I think this issue may be related to GPU architecture. Is there another method for using quantization with the Whisper model?

Yes, WOQ int8 cannot significantly improve inference speed, but it can reduce memory usage while maintaining the same speed. For example, the memory usage of Whisper Large can be reduced by 1.5 GB. In the future, we will support the FP8 quantization scheme, which can improve inference speed. For the Ampere architecture, SmoothQuant int8 can also speed up inference, but its support priority will be after FP8.

Additionally, you can try the inference of Whisper Large v3. On the A100, it has better accuracy and is not much slower than the Medium model. @robosina

robosina commented 3 months ago

@yuekaizhang Thanks for the answer, but please check the following information:

**********************************************************
running benchmark for whisper_medium_bs10_bw5_FP16
**********************************************************
engine_dir: /app/tensorrt_llm/examples/ts-whisper/ts_whisper/benchmark/whisper_models/whisper_medium_bs10_bw5_FP16
RTF: 0.0172
total_duration: 481.035 seconds
(0.13 hours)
processing time: 8.285 seconds (0.00 hours)
batch size: 10
num_beams: 5
total error rate: 4.62%
total 1.6G
-rw-r--r-- 1 root root 1.7K May 22 20:06 decoder_config.json
-rw-r--r-- 1 root root 1.4K May 22 20:06 encoder_config.json
-rw-r--r-- 1 root root 978M May 22 20:06 whisper_decoder_float16_tp1_rank0.engine
-rw-r--r-- 1 root root 589M May 22 20:06 whisper_encoder_float16_tp1_rank0.engine
**********************************************************
running benchmark for whisper_medium_woq_bs10_bw5_FP16
**********************************************************
engine_dir: /app/tensorrt_llm/examples/ts-whisper/ts_whisper/benchmark/whisper_models/whisper_medium_woq_bs10_bw5_FP16
RTF: 0.0178
total_duration: 481.035 seconds
(0.13 hours)
processing time: 8.556 seconds (0.00 hours)
batch size: 10
num_beams: 5
total error rate: 4.70%
total 897M
-rw-r--r-- 1 root root 1.7K May 22 20:16 decoder_config.json
-rw-r--r-- 1 root root 1.4K May 22 20:16 encoder_config.json
-rw-r--r-- 1 root root 595M May 22 20:16 whisper_decoder_float16_tp1_rank0.engine
-rw-r--r-- 1 root root 302M May 22 20:16 whisper_encoder_float16_tp1_rank0.engine
**********************************************************
running benchmark for whisper_medium_woq4_bs10_bw5_FP16
**********************************************************
engine_dir: /app/tensorrt_llm/examples/ts-whisper/ts_whisper/benchmark/whisper_models/whisper_medium_woq4_bs10_bw5_FP16
RTF: 0.0181
total_duration: 481.035 seconds
(0.13 hours)
processing time: 8.697 seconds (0.00 hours)
batch size: 10
num_beams: 5
total error rate: 4.70%
total 561M
-rw-r--r-- 1 root root 1.7K May 23 11:06 decoder_config.json
-rw-r--r-- 1 root root 1.4K May 23 11:05 encoder_config.json
-rw-r--r-- 1 root root 403M May 23 11:06 whisper_decoder_float16_tp1_rank0.engine
-rw-r--r-- 1 root root 158M May 23 11:05 whisper_encoder_float16_tp1_rank0.engine

Based on the above information I'm sure that the second and third models are using WOQ since they are using less disk space(ls infos).
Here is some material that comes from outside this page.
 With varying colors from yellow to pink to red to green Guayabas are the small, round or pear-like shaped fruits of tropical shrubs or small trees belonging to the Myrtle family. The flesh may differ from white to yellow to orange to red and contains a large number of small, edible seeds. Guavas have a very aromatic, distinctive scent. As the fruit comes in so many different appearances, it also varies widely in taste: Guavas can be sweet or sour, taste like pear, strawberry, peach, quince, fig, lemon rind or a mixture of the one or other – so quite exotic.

However, please check the memory consumption.

gpu_usage_plot

In this case, the second one uses the WOQ method, and the third one is using woq-4bit As you can see, the memory consumption is not significantly better. Is this usual, or am I encountering a bug here? Thanks in advance.
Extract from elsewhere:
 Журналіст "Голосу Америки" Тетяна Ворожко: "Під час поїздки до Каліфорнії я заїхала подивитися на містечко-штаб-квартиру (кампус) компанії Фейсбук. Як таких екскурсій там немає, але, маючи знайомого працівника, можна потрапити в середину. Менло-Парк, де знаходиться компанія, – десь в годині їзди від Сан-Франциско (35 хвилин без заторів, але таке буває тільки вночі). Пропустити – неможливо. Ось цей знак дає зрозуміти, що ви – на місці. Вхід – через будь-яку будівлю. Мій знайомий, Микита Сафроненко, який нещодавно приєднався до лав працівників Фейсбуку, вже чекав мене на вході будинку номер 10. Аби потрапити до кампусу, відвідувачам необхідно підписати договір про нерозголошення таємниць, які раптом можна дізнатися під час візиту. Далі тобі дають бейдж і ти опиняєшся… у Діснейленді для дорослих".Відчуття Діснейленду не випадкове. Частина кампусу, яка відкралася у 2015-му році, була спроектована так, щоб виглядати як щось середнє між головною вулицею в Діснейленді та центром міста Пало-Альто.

yuekaizhang commented 3 months ago

processing time: 8.697 seconds (0.00 hours) batch size: 10 num_beams: 5 total error rate: 4.70%

@robosina Hi, thanks for your investigation. I have done some perf jobs. And indeed, found that whisper encoder fp16 is faster than int8 WOQ. We would work on the issue and update here.

For Whisper Decoder, WOQ int8 should be faster than fp16.
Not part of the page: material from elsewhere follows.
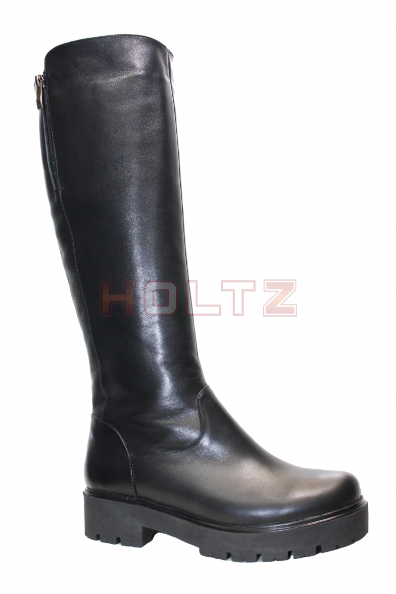 Осенние сапоги из черной гладкой кожи на платформе 130

For the VRAM usage, whisper medium has 0.7B parameters. In this way, WOQ int8 would decrease about 700M VRAM, and WOQ int4 would decrease another 350M VRAM usage.

github-actions[bot] commented 2 months ago

This issue is stale because it has been open 30 days with no activity. Remove stale label or comment or this will be closed in 15 days."